Righting a Wrong for a Quadriplegic Following On the Job Injury in Washington State

On a daily basis our law firm provides free information to the public on injuries that occur on and off the job.   But recently we were proud to file a court action asking that the Department of Labor and Industries (Department) be required to pay for the personal care needs of a worker paralyzed from the neck down due to an on the job injury.

The appeal by our office was what is known as: Pro-bono: “For the Public Good”; that is, a professional, in this case, our law firm, takes on work voluntarily and without payment to do “Public Good”.  We had the opportunity to clearly right a wrong, to educate the Department, and, hopefully, make the path easier for other paralyzed workers.

The worker’s doctor had said his patient needed 24 hour care.  The Department said that only 12 hours of care was required.  This 12 or 24 hour debate was the heart the dispute in this case. In our taking of the sworn testimony of the Department’s expert on medical aid services needed by this worker, the expert admitted that while it was her opinion that only 12 hours of services were needed, those services had to be 12 hours of services delivered over a 24 hour clock.  For example, the worker had to be turned every 2 hours during the entire 24 hour day.  The expert for the Department agreed she did not know of any health care agency that would be able to somehow divide up these 12 hours of services she recommended over the 24 hour schedule.  For example, no company would have someone come by at 2 a.m. to turn the worker, then return at 4 a.m. to repeat the care if they were hired to provide only 12 hours of services; just the travel time to and from the worker’s house would eat up much of that time allowed.

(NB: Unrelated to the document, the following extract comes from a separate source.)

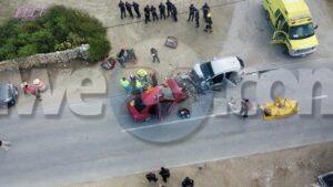 Diamars mainta a drenta informe di un accidente cu hende herida y pega den e auto na San Miguel. Mesora a dirigi tanto polis, ambulans y brandweer na e sitio. Na yegada di e patruya a bin compronde cu chauffeur di un auto Maazda cora pa un of otro motibo lo a bai otro banda di e caminda y a dal den un auto shinishi. E impacto tabata fuerte y a causa hopi daño material. Un persona lo ta pega den auto. Na yegada di e ambulans nan a atende cu e victimanan. Na yegada di e brandweer nan mesora a traha pa saca e victima cu su pia lo ta pega bao di e dashboard.

In the case of this appeal on whether the worker required basic medical needs, it was argued that if such services were needed, the worker would simply have to leave the home to enter a care facility. So rather than provide the medical services in the home of the worker, the Department was saying if you need round the clock care, pack your bag, you will have to give up living in your home.  Not only is this argument dehumanizing, but there is a good body of evidence that once a person enters a care facility, their life expectancy is reduced for multiple reasons; it is simply healthier to remain in your home. See the following website and others: Life Expectancy Compression: The impact of moving into a long term care facility on length of life | Life Care Funding

The good news, after hiring an expert on behalf of the injured worker and taking testimony, the Department agreed to (1) no less than 17 hours of attendant care services per day (2) without a future reduction in those hours absent proof of a significant improvement in the worker’s condition.  This second point was significant as there is a periodic review performed by the Department, and the next reviewer, without evidence of significant improvement in the worker’s condition, could have reduced the hours allowed just by recalculating such; thereby requiring more litigation.